The bootstrap distribution of this statistics is illustrated on the following
figure in which the red vertical line represents the value of the statistics on
the original sequence. 
```{r fig.height=4}
ggplot(mapping = aes(x = bootstrap_ls)) +
  geom_density() +
  geom_rug() +
  labs(
    title = "Bootstrap distribution of the probability of long constant subsequences",
    x = "Probability"
  ) +
  geom_vline(xintercept = long_sequence(CAC_dts), color = "red")
```

## Sampling from a COVLMC

The case of COVLMC is more complex mainly because of the dependence towards an 
external time series that is not modelled. In addition, no theoretical result
justify a form of COVLMC bootstrap at the time of writing this document (2023).

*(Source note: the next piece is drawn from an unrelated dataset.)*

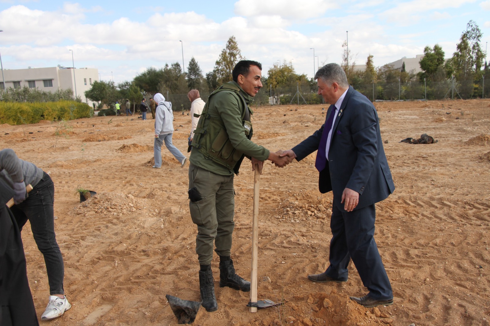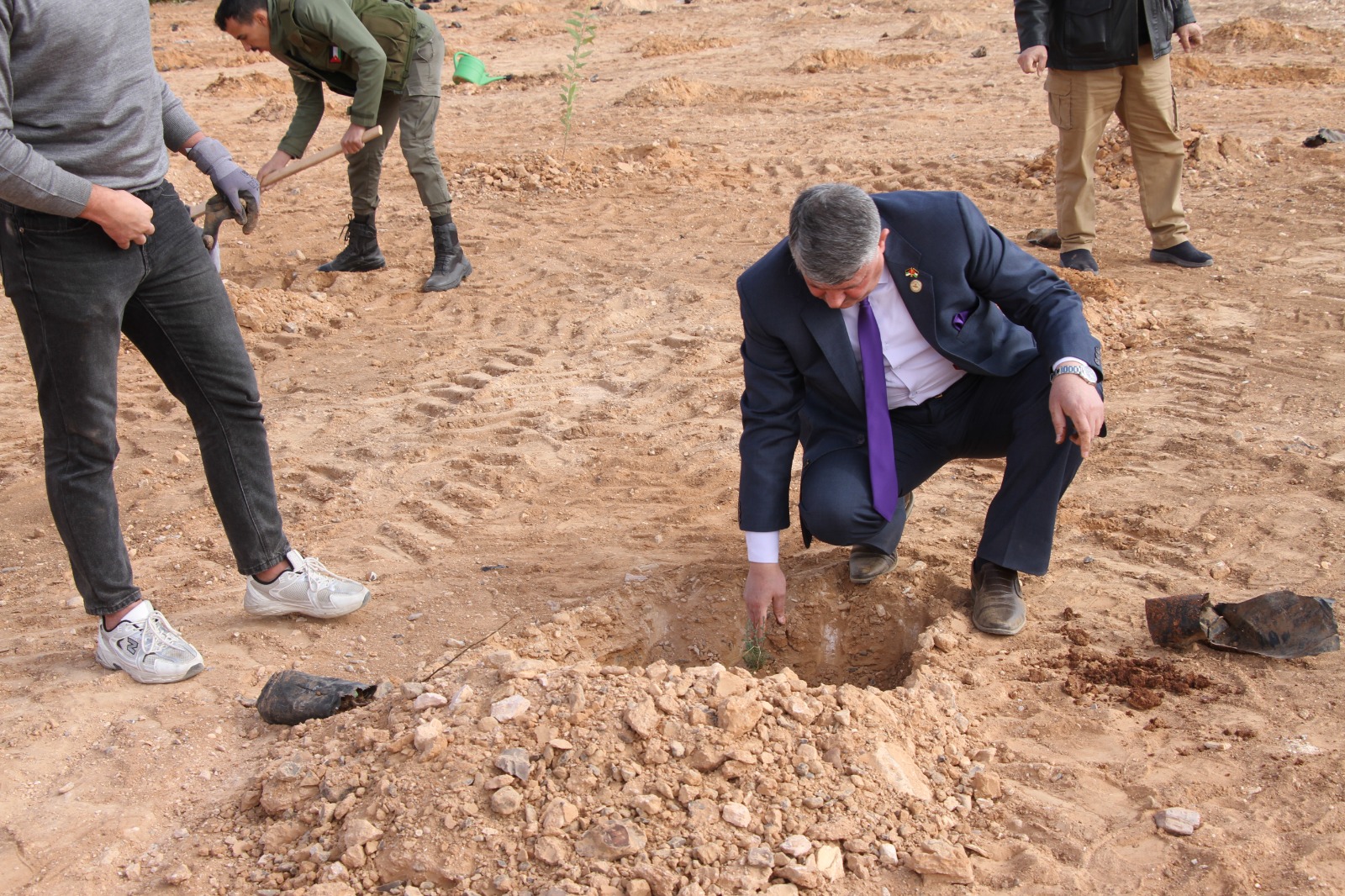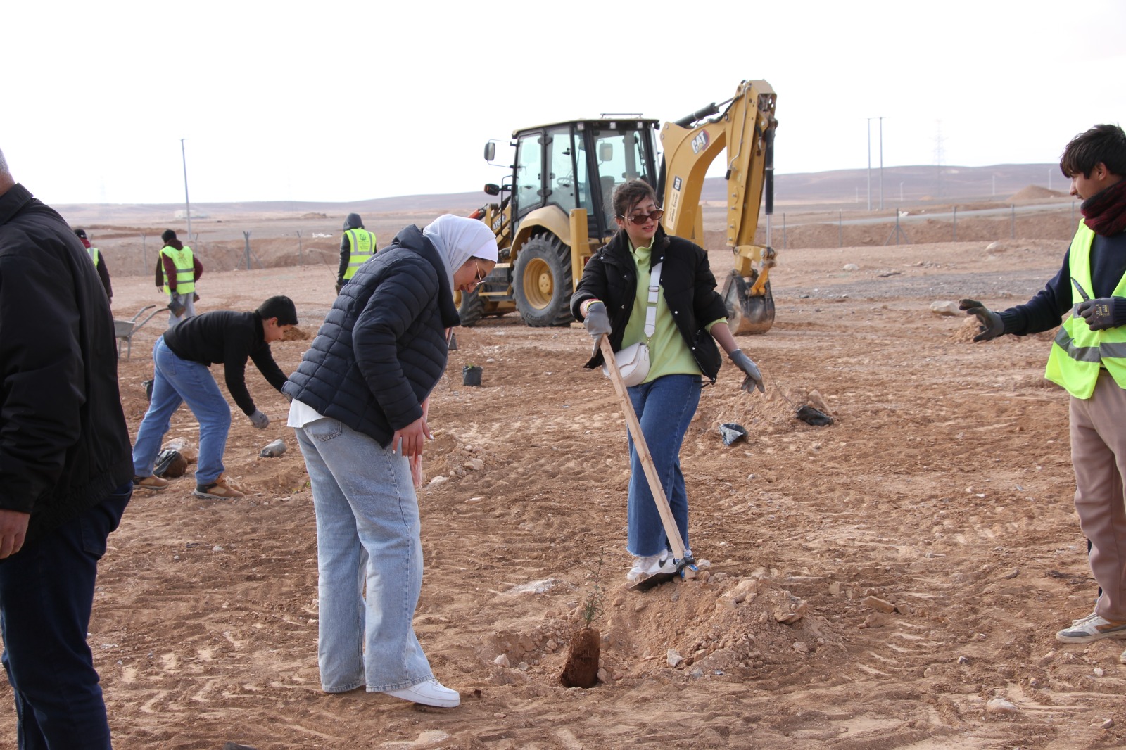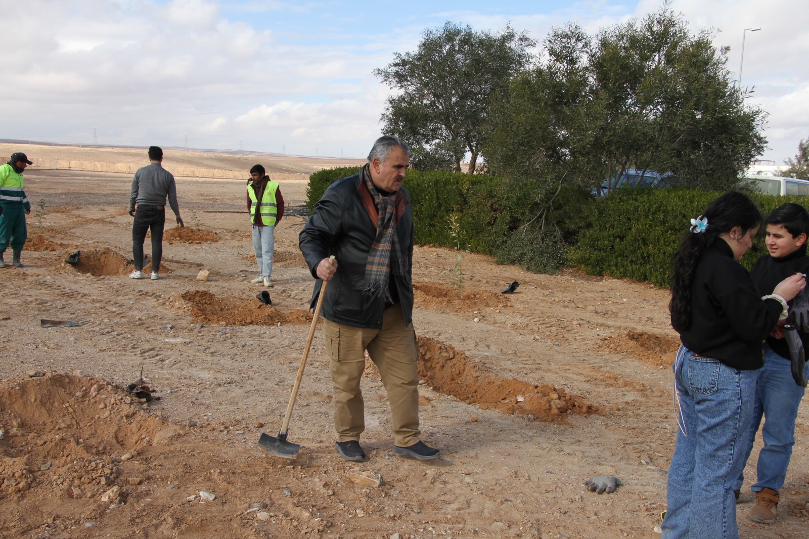 وأضاف العزام: كم نشعر بالفخر في هذا اليوم ونحن نحتفل بعيد الشجرة ونساهم فعلياً في هذا العمل الوطني النابع من شعورنا بالمسؤولية المجتمعية والمشاركة بتنفيذ الإستراتيجية الوطنية "نحو أردن أخضر".هذا التوجه الوطني الأردني الشامل الذي يهدف إلى تعزيز التنمية المستدامة من خلال الإستثمار في الطاقة المتجددة وتحسين البنية التحتية الخضراء،وتوسيع الرقعة النباتية عبر حملات تشجير كبرى،وتعزيز الوعي البيئي والمشاركة المجتمعية،بالإضافة إلى دمج الإقتصاد الأخضر والابتكار البيئي في مختلف القطاعات،بما يتماشى مع رؤى جلالة الملك المفدى-حفظه الله ورعاه- لمواجهة التحديات البيئية وتحقيق مستقبل أكثر استدامة.ويشجع على نشر ثقافة العمل التطوعي تنفيذاً لرؤى صاحب السمو الملكي الأمير الحسين بن عبدالله الثاني ولي العهد المعظم الذي إهتم بهذا المجال وتم تخصيص جائزة سنوية للمؤسسسات والأفراد المتميزين بالعمل التطوعي.

We can nevertheless use sampling both to get an idea of the potential variability
of the results from a qualitative point of view, and also to study some what-if 
scenarios based on a modification of the covariates. 

### CAC example continued
Let us study the CAC discrete time series using the three other indexes from 
`EuStockMarkets` as covariates. As previously, we select a model with the AIC
criterion:
```{r cache=TRUE}
CAC_covariates <- as.data.frame(EuStockMarkets)[c("DAX", "SMI", "FTSE")][-1, ]
CAC_covlmc <- tune_covlmc(CAC_dts, CAC_covariates, criterion = "AIC")
CAC_comodel <- as_covlmc(CAC_covlmc)
```
The obtained model is relatively complex as shown below:
```{r}
draw(CAC_comodel, model = "full", with_state = TRUE)
```

The variability of the discrete time series for fixed values of the covariates
can be investigated using simulated sequences. The only difference between
`simulate.vlmc()` and `simulate.covlmc()` is the need for the covariates in the 
latter. A *burn in*  time is also problematic here as we do not have additional 
throw away values for the covariates. A possibility used here consists in starting
the discrete time series as the observed one started, using as many values as the
size of the largest context. Notice that in the current implementation, 
simulating from a COVLMC is relatively slow compared to simulation from a VLMC. 
Here we perform a single simulation to illustrate the feature.
```{r cache=TRUE}
co_sample <- simulate(CAC_comodel,
  length(CAC_dts),
  seed = 0,
  init = CAC_dts[1:depth(CAC_comodel)],
  covariate = CAC_covariates
)
```

### What-if scenarios
In some situations, one can modify the covariates to test the consequences of the 
external influence on the discrete time series under study. Let us consider for
instance a week of electrical consumption:

```{r fig.height=5}
pc_week <- powerconsumption[powerconsumption$week == 12, ]
elec <- pc_week$active_power
ggplot(pc_week, aes(x = date_time, y = active_power)) +
  geom_line() +
  xlab("Date") +
  ylab("Activer power (kW)")
```
We build a discrete version by considering two states: the background base 
active power below 0.4 kW and the active use of electric appliance above this limit.

```{r}
elec_dts <- cut(elec, breaks = c(0, 1.2, 8), labels = c("background", "active"))
elec_cov <- data.frame(day = (pc_week$hour >= 7 & pc_week$hour <= 17))
```

Then we adjust a COVLMC with a binary covariate day/night, using the AIC. 

```{r}
elec_covlmc_tune <- tune_covlmc(elec_dts, elec_cov, criterion = "AIC")
best_elec_covlmc <- as_covlmc(elec_covlmc_tune)
draw(best_elec_covlmc, model = "full", time_sep = " | ", p_value = FALSE)
```

Then we can simulate longer or shorter days by manipulating the covariates. For
instance a "day only" full week could be obtained as follows
```{r}
day_only <- simulate(best_elec_covlmc,
  length(elec_dts),
  seed = 0,
  covariate = data.frame(day = rep(TRUE, length(elec_dts)))
)
```
while a "night only" full week is given by
```{r}
night_only <- simulate(best_elec_covlmc,
  length(elec_dts),
  seed = 0,
  covariate = data.frame(day = rep(FALSE, length(elec_dts)))
)
```

A typical use of this approach consists in simulating first a collection of 
sequences with the original covariates to get a sense of the variability of the
statistics of interest. In a second phase, a comparable collection of sequences
is generated using the manipulated covariates.